In a speech to the Economic Club of New York Senator Aldrich said,

Senator Aldrich wrote:

Other countries, however, have been able to prevent disastrous panics and to confine the evil results of overspeculation and inflation in the main to the people directly interested- that is, to the people who have violated the fundamental laws of business and to their financial backers and supporters.

There has been no general suspension of banking institutions and no general destruction of credit in any of the leading countries of Europe for more than half a century. 

He then goes on about what he sees as the virtues of banking policy in several major countries. Ultimately, the recommendations of the monetary commission led to the creation of the Federal Reserve and supposedly protect us from ever experiencing mass banking or credit panics again...

 

The one time the currency issuing provision of Aldrich-Vreeland was used, it successfully prevented any bank failures. At the beginning of WWI, European banks were desperate for gold, so they started selling off US stocks to exchange US currency for gold. This was leading to a rapid depletion of US gold reserves. Treasury Secretary William McAdoo asked the NYSE to shut down to prevent Europeans from selling their securities. The exchange remained closed from July 31st to December 12th. McAdoo also authorized banks to issue currency under the emergency provisions of Aldrich-Vreeland. The result was that any bank runs were averted and the US was able to stay on the gold standard.

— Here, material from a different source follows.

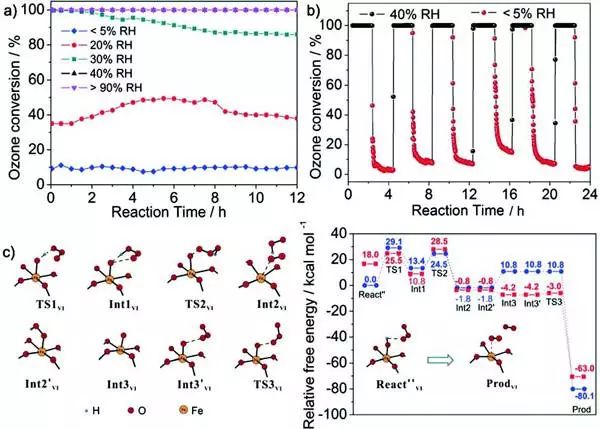 (a)分别在<5%RH、20%RH、30%RH、40%RH和> 90%RH下MIL-100(Fe)的臭氧转化率。b)在交替相对湿度下MIL-100(Fe)上的臭氧转化率。c)优化了在MIL‐100(Fe)催化臭氧分解过程中沿路径稳定点的结构和相应的势能曲线。蓝色和红线分别表示六重态和四重态MIL-100(Fe)氢氧化物复合物的能级。实验条件:用0.27g石英砂稀释0.03g催化剂, C( O3)= 45ppm,流速="1000mL" min-1,RH="45%,室温。)
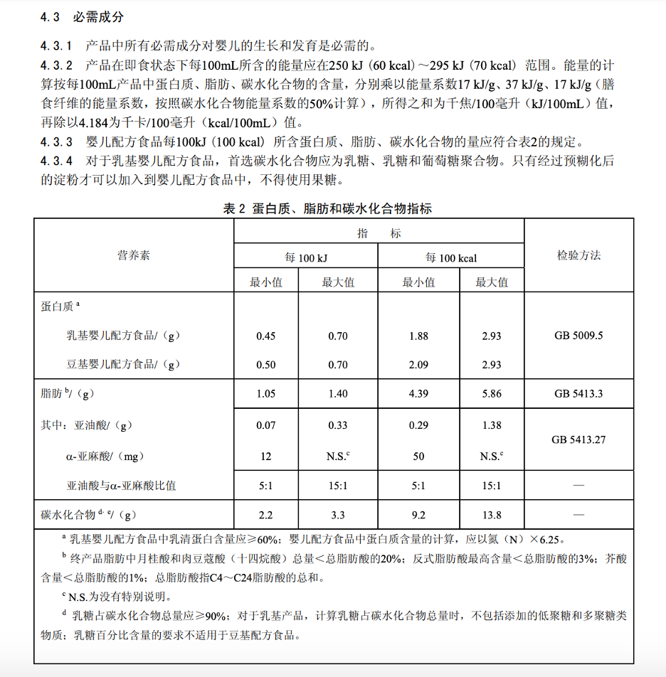 以下截图中对蛋白质、脂肪和碳水化合物指标的规定,适用于0-6月龄婴儿喝的配方奶,即1段婴儿配方奶粉。来自现行的《婴儿配方食品》(GB 10765—2010)。

William Silber has written extensively on the subject. There is a short paper available here. He has also written a book on this crisis http://www.amazon.com/When-Washington-Shut-Down-Street/dp/0691127476 I don't completely agree with his conclusions, but his historical account of the crisis is unmatched in detail. 

 

In 1908, Theodore Roosevelt was approaching the end of his second term and while the economy had struggled in 1906 & 1907 things were turning around and Roosevelt remained extremely popular. This made it easy for his Vice President Taft to ride on Roosevelt's popularity to win the presidency despite internal friction between the progressives and the "old guard" in the Republican party. Like Roosevelt, Taft was a self-proclaimed progressive, but he was also more inclined to compromise with conservatives and was less willing to exercise presidential power than Roosevelt. 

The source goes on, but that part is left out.